Fortunately, the relevant departments are stepping up the supervision of P2P, the State Council has decided to take the lead by the China Banking Regulatory Commission to undertake research on P2P regulation. It is reported that the relevant regulatory details will be introduced in the second half, on the one hand is to strengthen the platform intermediary nature, and the other is to avoid the platform's own security functions, the third is to prevent the emergence of capital pool, and the fourth is the provisions of illegal fund-raising boundaries.

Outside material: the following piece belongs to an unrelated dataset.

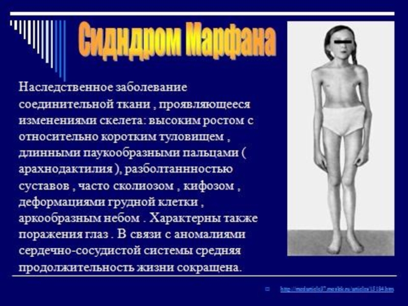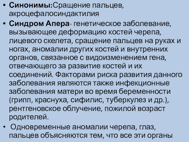 скелета, сращение пальцев на руках и ногах, аномалии других костей и внутренних органов, связанное с видоизменением гена, отвечающего за развитие костей и их соединений. Факторами риска развития данного заболевания являются также инфекционные заболевания матери во время беременности (грипп, краснуха, сифилис, туберкулез и др.), рентгеновское облучение, пожилой возраст родителей.

And when the relevant rules out, shuffle or inevitable, a big wave of P2P loans will be closed down after the introduction of the New Deal, which may also be tempted to some P2P platform in advance "cash" leave the reason. According to a researcher's data, the scale of China's P2P network loans will reach one trillion yuan (105.8 billion P2P network loan market in 2013). The huge release of the eruption market and attractive tempting cakes also attract Various types of business participation.

The established financial institutions have reached the market for P2P net loans in the past two years. Both the fund supervision and risk control capabilities, as well as the capital operation and reserve funds, are superior to the current "pure Internet companies." In the long run, these traditional financial enterprises P2P network loan business, more sustainable development.

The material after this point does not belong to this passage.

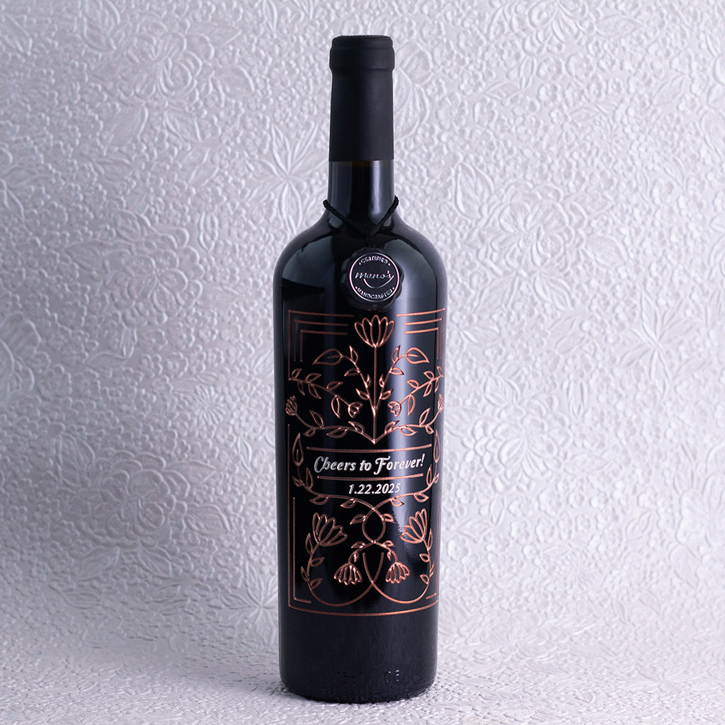 This versatile bottle is perfect for any occasion, allowing you to express your heartfelt wishes and celebrate life's milestones in a truly personalized way. Whether you're looking for a gift for a loved one's birthday, a couple's anniversary, or to commemorate a special wedding day, the "Copper Custom Frame Etched Wine Bottle" is a perfect choice.

Further, with the issuance of P2P licenses in the afternoon market, the competition of several major P2P platforms will be upgraded, and the P2P industry will launch a brand new war on brands and marketing. And now more like the night before dawn, a little careless will be engulfed by the night, get through is a better tomorrow. Of course, those who do not clean the business, even if the current white wash, but also escape the nightmare was eliminated.

Finally, said the good news of P2P industry, foreign P2P lending platform Lending Club to be proposed in the near future IPO, its valuation is even up to 4 billion US dollars, which gives chaos in the Chinese P2P market, hit a shot. It is foreseeable that with the listing of Lending Club, there will be a number of peer-to-peer lending platforms that can be financed by new funds. This is particularly important in the ensuing competition. This is also the only possibility for grassroots P2P entrepreneurs to counter the giants.